When you reach the line with "Vintage Women's Y2K", transcribe it and each line after it through the last one below, exactly. Pictures stay out.
= = = =
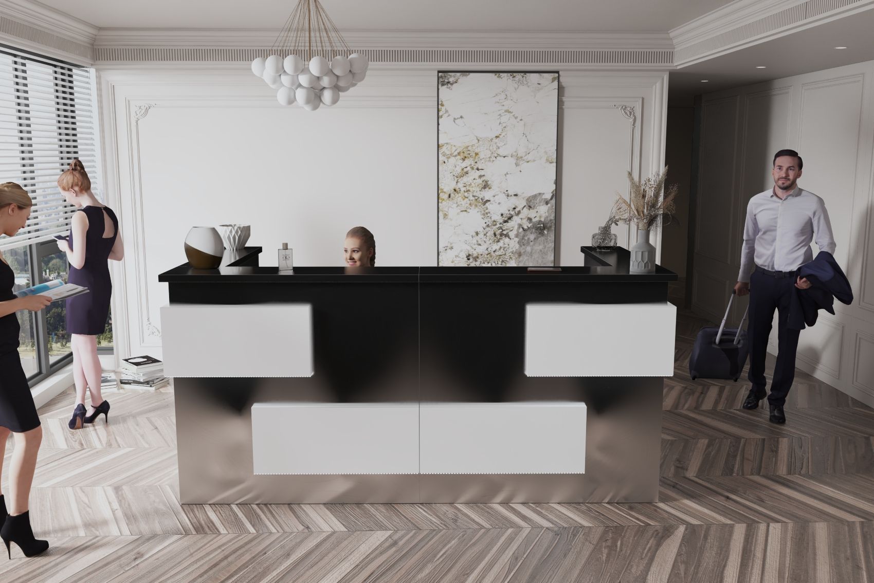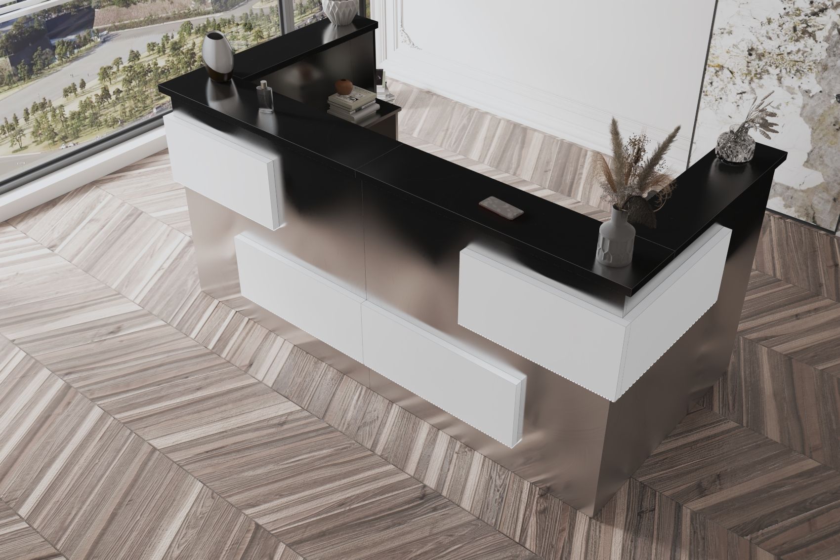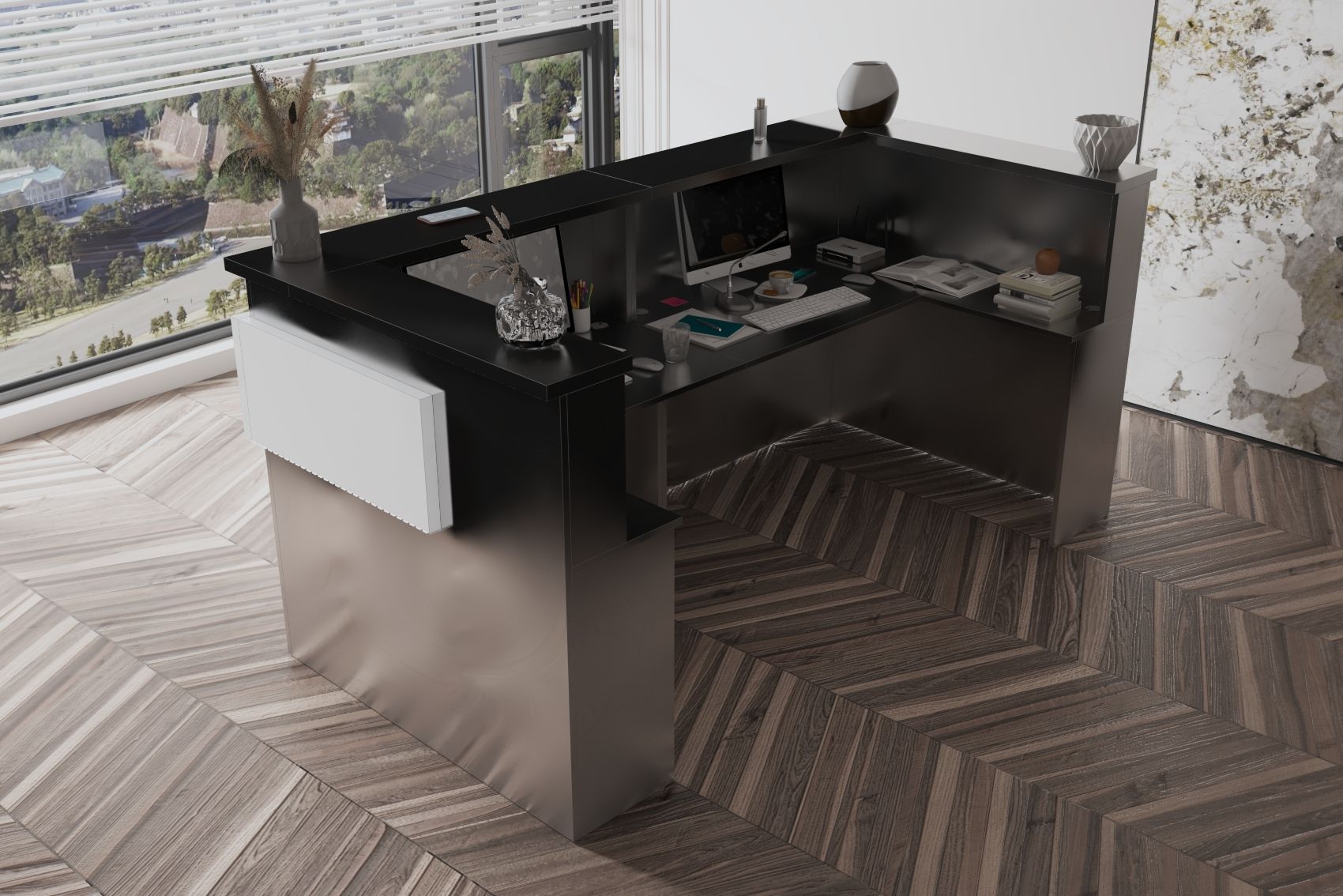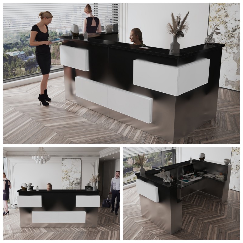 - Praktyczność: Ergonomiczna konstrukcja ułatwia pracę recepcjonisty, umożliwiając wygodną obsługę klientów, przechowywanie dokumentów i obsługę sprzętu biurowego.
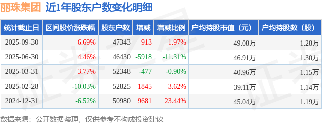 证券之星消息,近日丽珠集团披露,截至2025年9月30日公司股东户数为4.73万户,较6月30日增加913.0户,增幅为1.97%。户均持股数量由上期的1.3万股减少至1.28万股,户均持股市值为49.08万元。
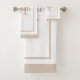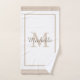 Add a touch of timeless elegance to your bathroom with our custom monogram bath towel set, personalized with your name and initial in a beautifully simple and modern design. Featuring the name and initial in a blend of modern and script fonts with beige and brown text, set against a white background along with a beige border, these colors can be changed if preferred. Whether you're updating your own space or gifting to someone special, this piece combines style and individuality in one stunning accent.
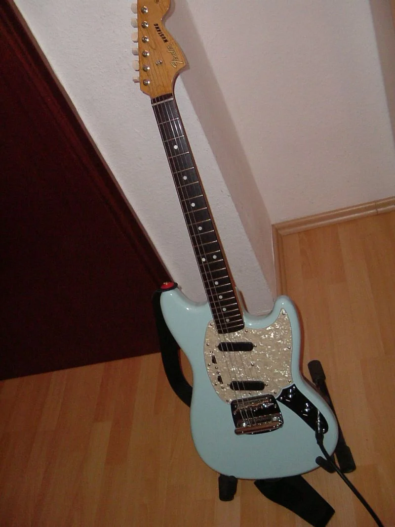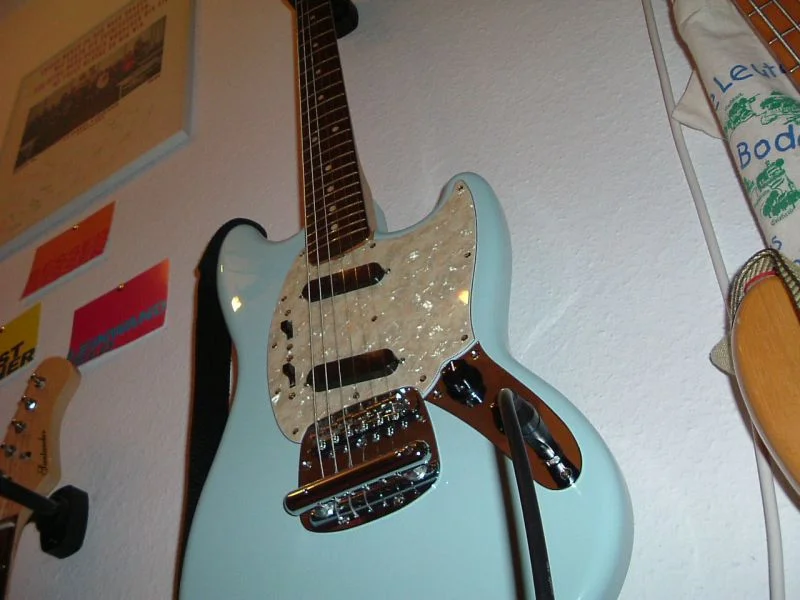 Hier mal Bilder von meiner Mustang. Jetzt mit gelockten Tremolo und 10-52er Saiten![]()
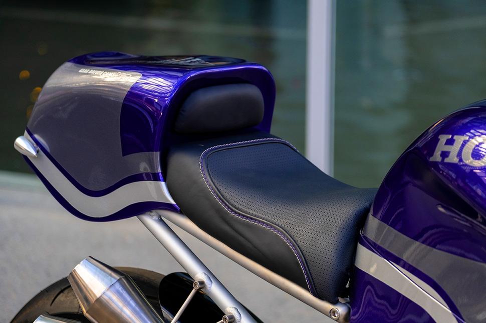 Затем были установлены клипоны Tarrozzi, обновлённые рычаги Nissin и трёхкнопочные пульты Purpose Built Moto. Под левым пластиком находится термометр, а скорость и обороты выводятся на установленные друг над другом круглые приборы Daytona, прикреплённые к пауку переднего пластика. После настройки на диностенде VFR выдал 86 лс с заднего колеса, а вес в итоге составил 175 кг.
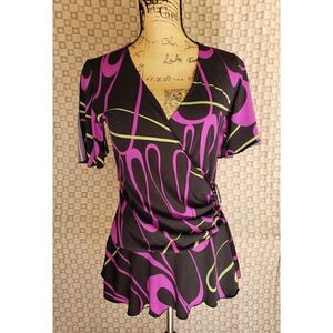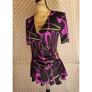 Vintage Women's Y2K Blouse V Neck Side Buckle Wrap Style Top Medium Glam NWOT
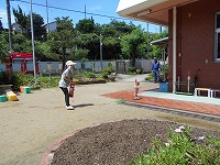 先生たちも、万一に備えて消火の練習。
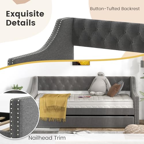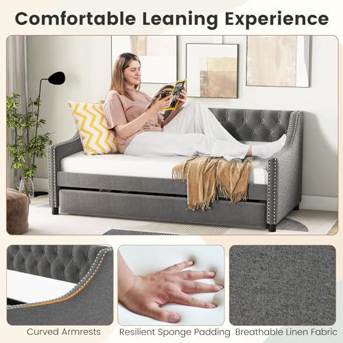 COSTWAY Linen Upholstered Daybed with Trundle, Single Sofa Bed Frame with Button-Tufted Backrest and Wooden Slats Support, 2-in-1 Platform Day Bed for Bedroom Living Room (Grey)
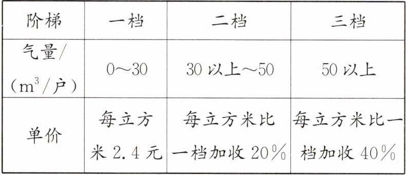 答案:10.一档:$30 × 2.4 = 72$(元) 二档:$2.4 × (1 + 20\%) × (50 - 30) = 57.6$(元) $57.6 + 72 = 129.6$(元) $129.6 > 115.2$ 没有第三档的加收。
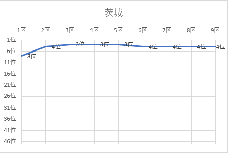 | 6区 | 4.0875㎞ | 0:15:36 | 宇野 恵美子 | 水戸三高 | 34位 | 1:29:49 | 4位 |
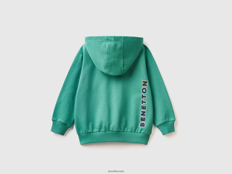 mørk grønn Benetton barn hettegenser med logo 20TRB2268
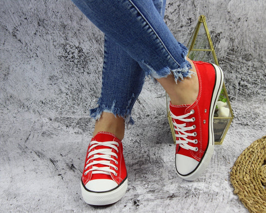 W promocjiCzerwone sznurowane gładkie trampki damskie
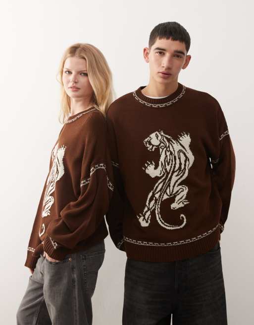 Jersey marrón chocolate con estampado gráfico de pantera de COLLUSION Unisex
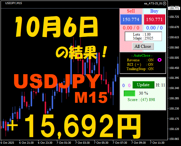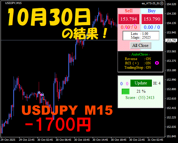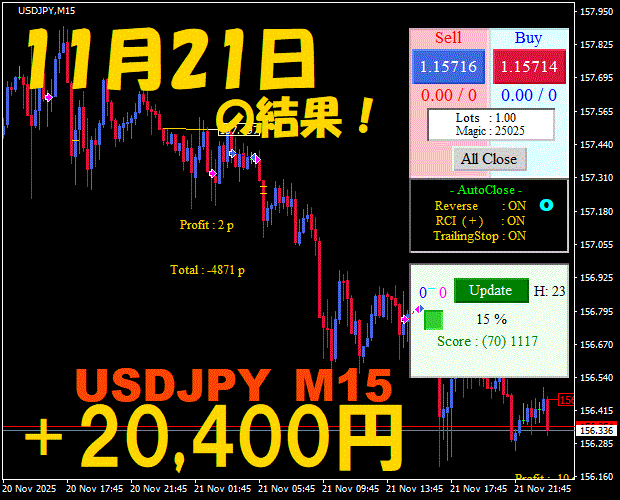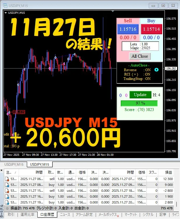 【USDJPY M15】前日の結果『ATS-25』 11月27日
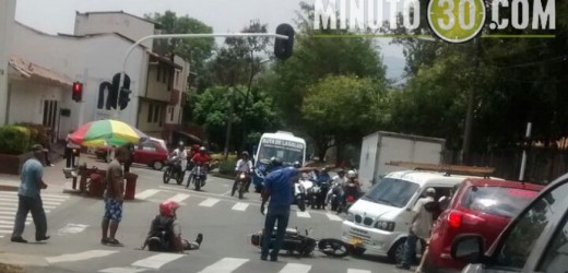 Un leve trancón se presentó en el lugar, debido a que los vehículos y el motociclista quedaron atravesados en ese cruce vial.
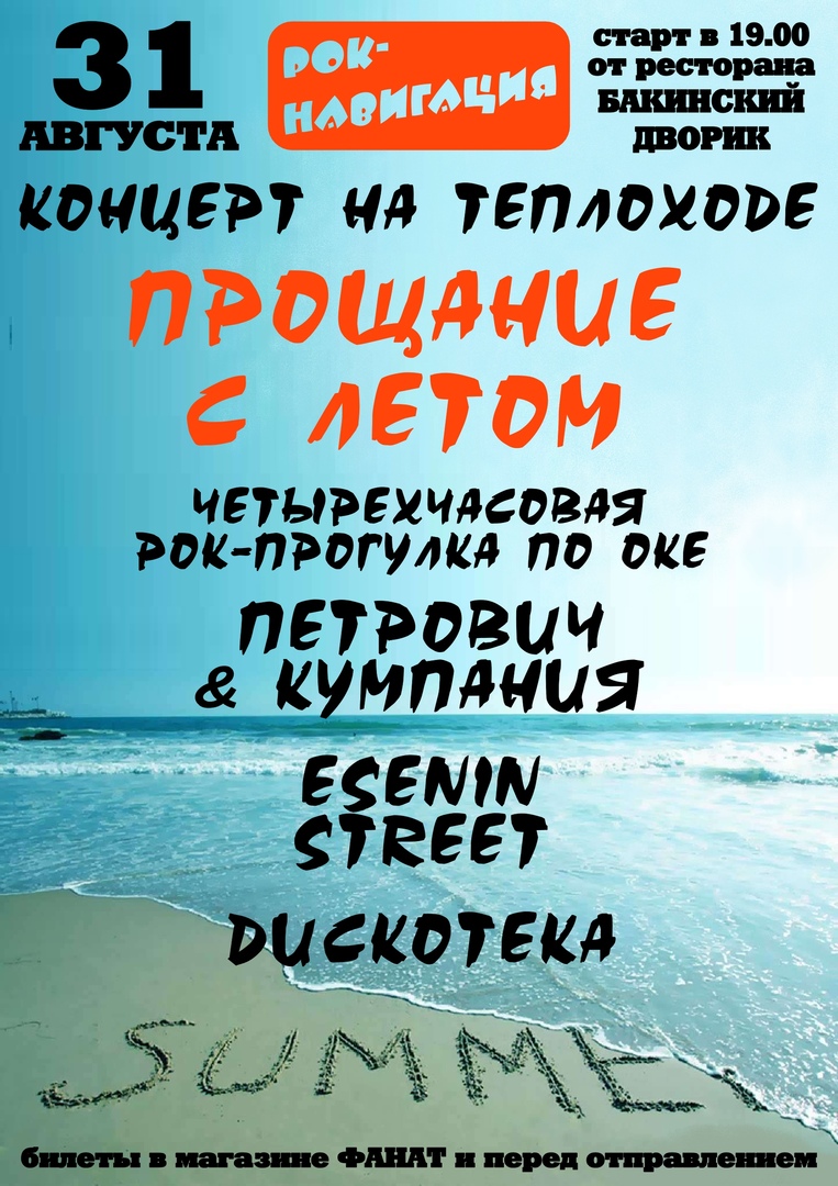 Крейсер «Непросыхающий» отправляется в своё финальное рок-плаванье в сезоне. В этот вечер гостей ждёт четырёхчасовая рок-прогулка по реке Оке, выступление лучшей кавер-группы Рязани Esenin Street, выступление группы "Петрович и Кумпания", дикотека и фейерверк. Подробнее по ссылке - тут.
= = = =
> [PROBLEM SOLUTION]
 Vintage Women's Y2K Blouse V Neck Side Buckle Wrap Style Top Medium Glam NWOT
 先生たちも、万一に備えて消火の練習。
 COSTWAY Linen Upholstered Daybed with Trundle, Single Sofa Bed Frame with Button-Tufted Backrest and Wooden Slats Support, 2-in-1 Platform Day Bed for Bedroom Living Room (Grey)
 答案:10.一档:$30 × 2.4 = 72$(元) 二档:$2.4 × (1 + 20\%) × (50 - 30) = 57.6$(元) $57.6 + 72 = 129.6$(元) $129.6 > 115.2$ 没有第三档的加收。
 | 6区 | 4.0875㎞ | 0:15:36 | 宇野 恵美子 | 水戸三高 | 34位 | 1:29:49 | 4位 |
 mørk grønn Benetton barn hettegenser med logo 20TRB2268
 W promocjiCzerwone sznurowane gładkie trampki damskie
 Jersey marrón chocolate con estampado gráfico de pantera de COLLUSION Unisex
 【USDJPY M15】前日の結果『ATS-25』 11月27日
 Un leve trancón se presentó en el lugar, debido a que los vehículos y el motociclista quedaron atravesados en ese cruce vial.
 Крейсер «Непросыхающий» отправляется в своё финальное рок-плаванье в сезоне. В этот вечер гостей ждёт четырёхчасовая рок-прогулка по реке Оке, выступление лучшей кавер-группы Рязани Esenin Street, выступление группы "Петрович и Кумпания", дикотека и фейерверк. Подробнее по ссылке - тут.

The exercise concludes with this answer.